===== Data under study =====
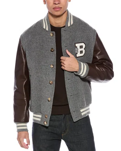 Brunello Cucinelli Leather Sleeve Wool Varsity Jacket
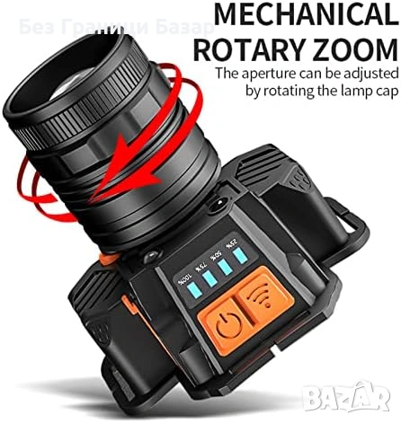 Супер ярък LED челник с 3 режима на бяла светлина: силен, слаб, мигащ
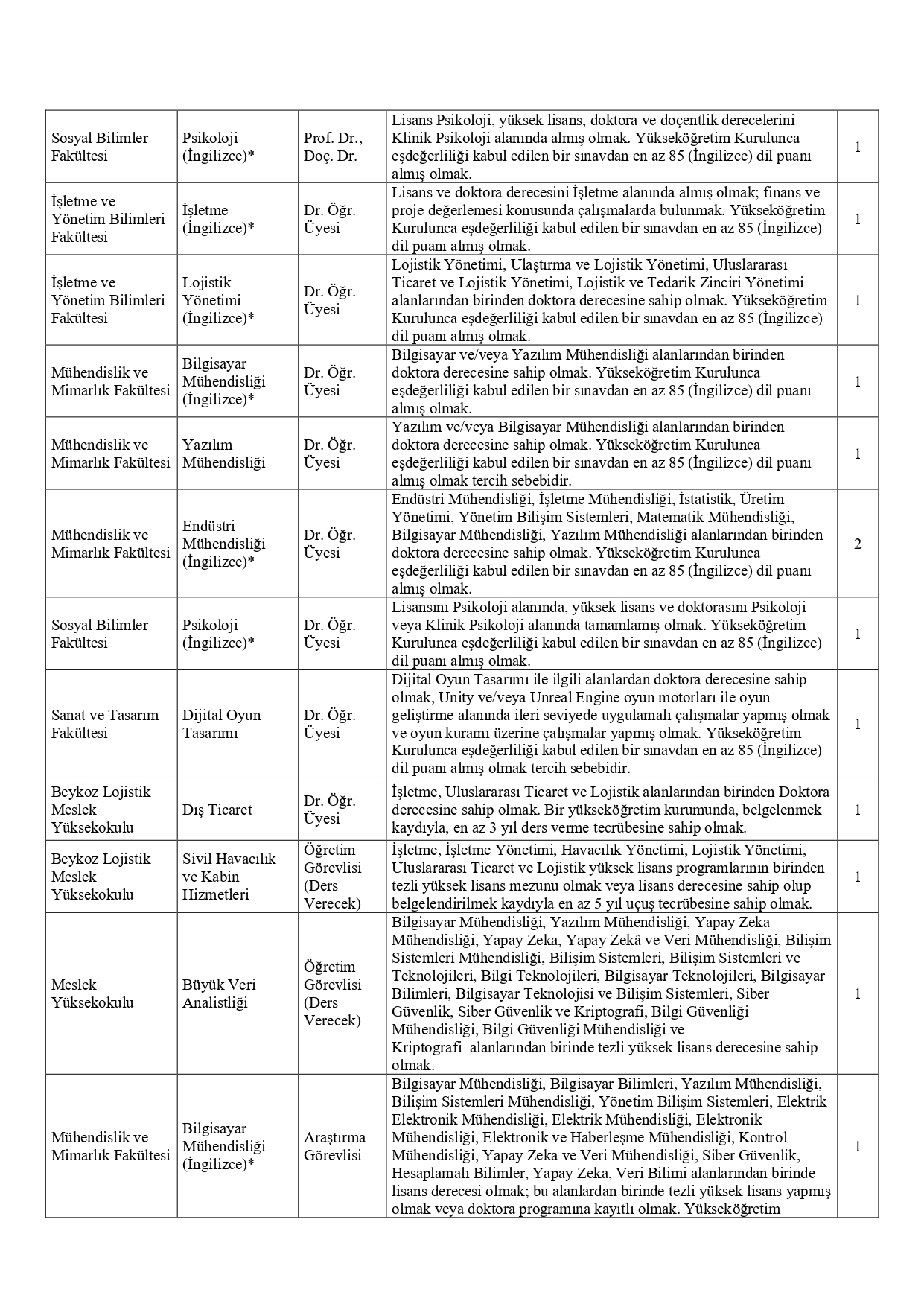 Başvurular için gerekli bilgi, belge ve başvuru şartlarına ayrıca www.ilan.gov.tr insan kaynakları kategorisinden veya www.beykoz.edu.tr adresinden ulaşılabilir.
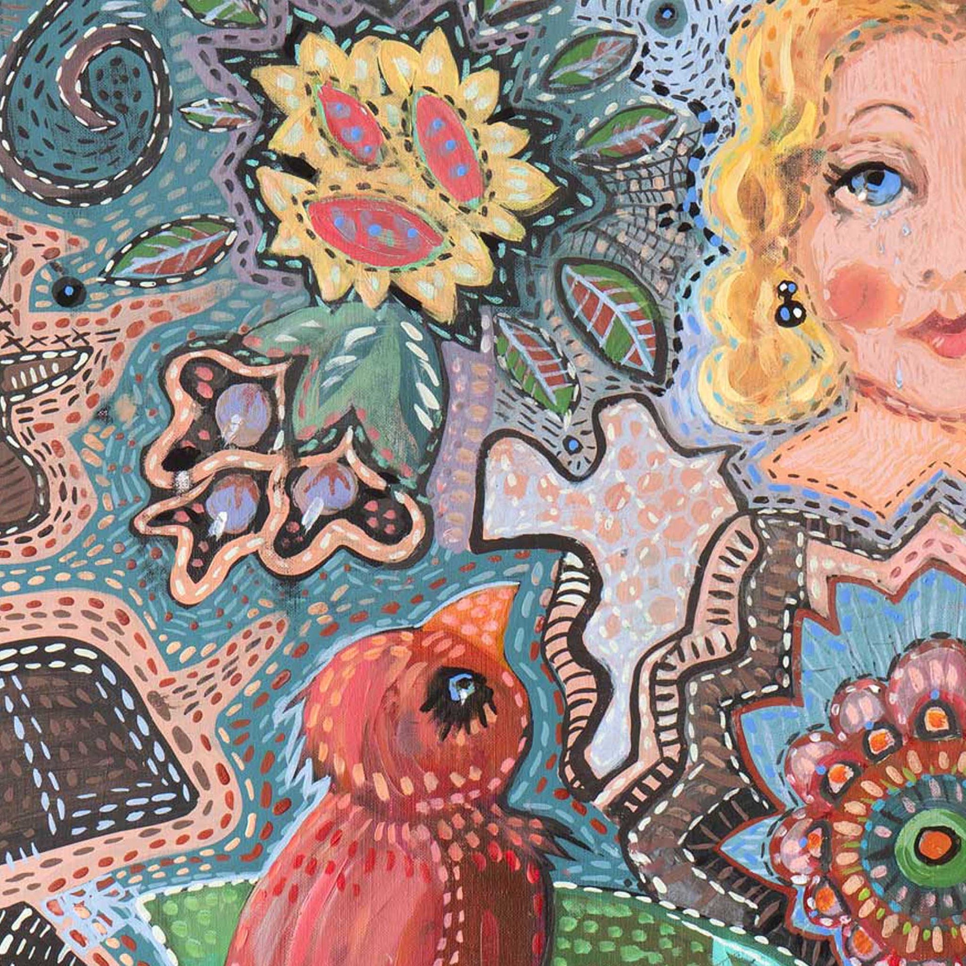 "Meditation Embroidery no 2" är en målning som är som ett konsthantverk i sitt uttryck. Otroligt arbetat och dekorativt måleri med spännande budskap gömt i "broderiet".
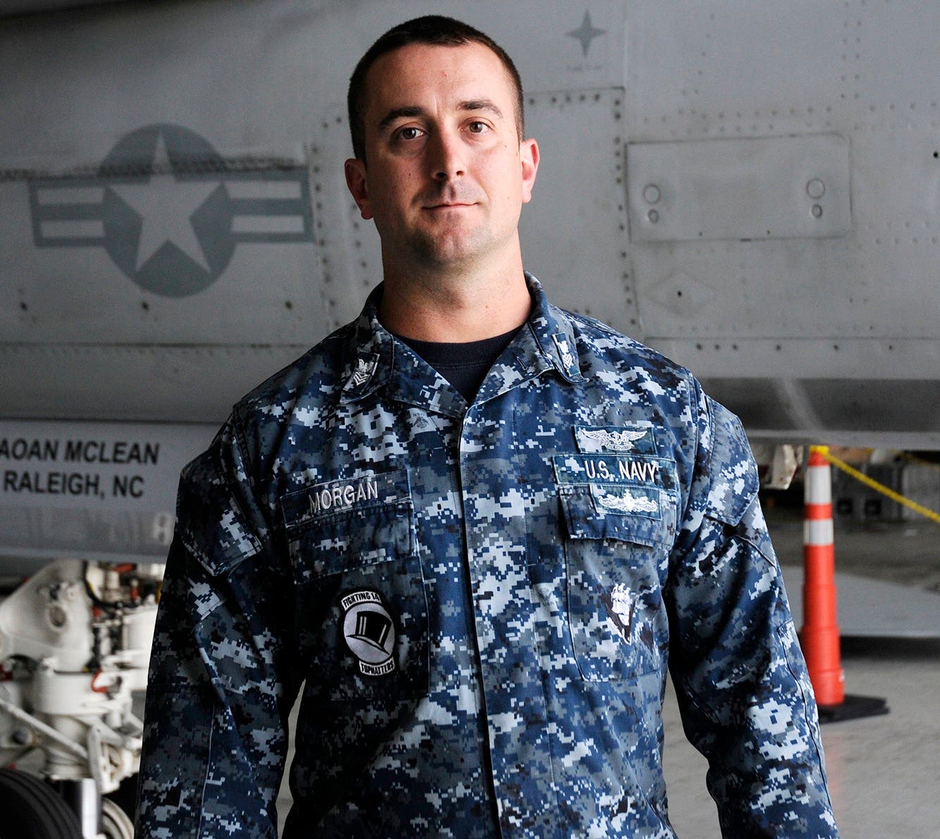 Petty Officer 1st Class Christopher Morgan is an aviation ordnanceman with the squadron, which the Navy designates as VFA-14, and works with the Navy’s most lethal and versatile strike fighter aircraft, the F/A-18E Super Hornet.
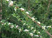 It is a loose, spreading shrub with many branches up to 2 m high, with mature trunks of 5–10 cm diameter.[2] The leaves are aromatic, simple, opposite (or fascicled), elliptic to obovate or spatulate, 5–10 mm long, with revolute margins. The flowerheads are axillary, sessile, few-flowered, with a strigose calyx; the corolla is whitish, about 2 mm long, four-lobed, and with four stamens.[3] The fragrant foliage and tiny white flowers are highly attractive to pollinators, in particular the Atala butterfly.[2][4]
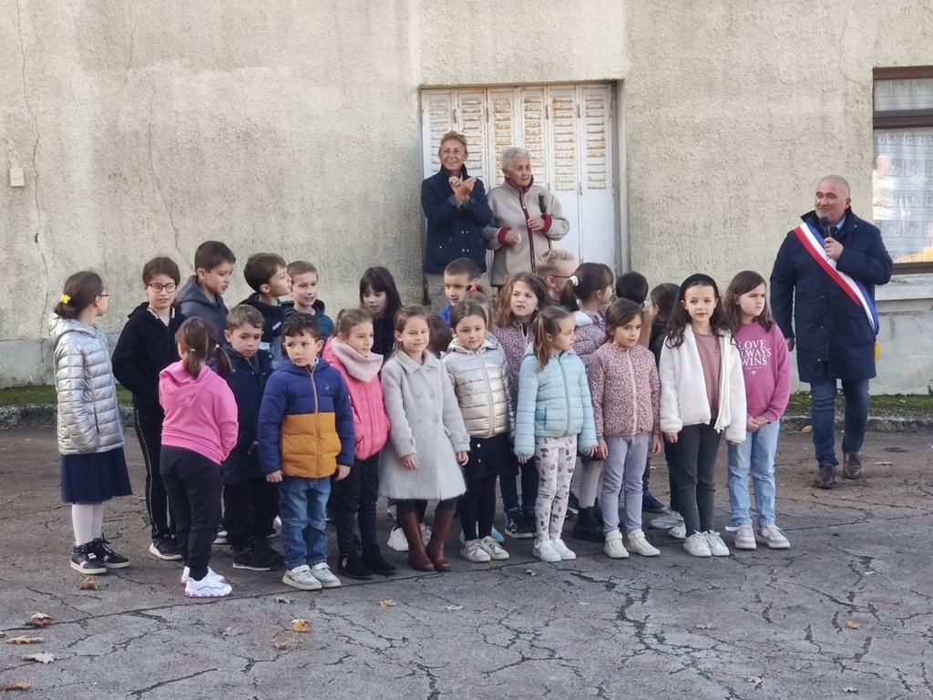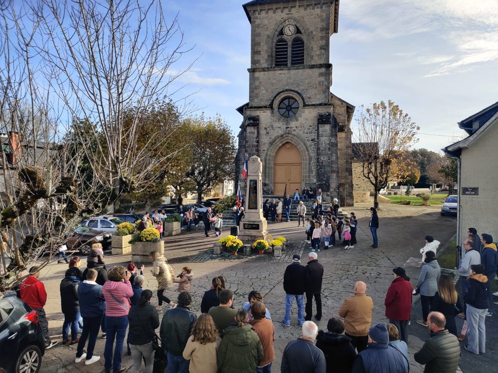 En plus du traditionnel dépôt des gerbes, de la lecture des messages et de l'hommage aux morts pour la France les nombreuses personnes présentes ont pu assister un chant a cappella par les enfants de l'école de Perpezac-le-Noir en symbole de paix.
=====
Your task = Please transcribe every entry exactly as written, leaving the pictures out.

Answer to the exercise =
 Brunello Cucinelli Leather Sleeve Wool Varsity Jacket
 Супер ярък LED челник с 3 режима на бяла светлина: силен, слаб, мигащ
 Başvurular için gerekli bilgi, belge ve başvuru şartlarına ayrıca www.ilan.gov.tr insan kaynakları kategorisinden veya www.beykoz.edu.tr adresinden ulaşılabilir.
 "Meditation Embroidery no 2" är en målning som är som ett konsthantverk i sitt uttryck. Otroligt arbetat och dekorativt måleri med spännande budskap gömt i "broderiet".
 Petty Officer 1st Class Christopher Morgan is an aviation ordnanceman with the squadron, which the Navy designates as VFA-14, and works with the Navy’s most lethal and versatile strike fighter aircraft, the F/A-18E Super Hornet.
 It is a loose, spreading shrub with many branches up to 2 m high, with mature trunks of 5–10 cm diameter.[2] The leaves are aromatic, simple, opposite (or fascicled), elliptic to obovate or spatulate, 5–10 mm long, with revolute margins. The flowerheads are axillary, sessile, few-flowered, with a strigose calyx; the corolla is whitish, about 2 mm long, four-lobed, and with four stamens.[3] The fragrant foliage and tiny white flowers are highly attractive to pollinators, in particular the Atala butterfly.[2][4]
 En plus du traditionnel dépôt des gerbes, de la lecture des messages et de l'hommage aux morts pour la France les nombreuses personnes présentes ont pu assister un chant a cappella par les enfants de l'école de Perpezac-le-Noir en symbole de paix.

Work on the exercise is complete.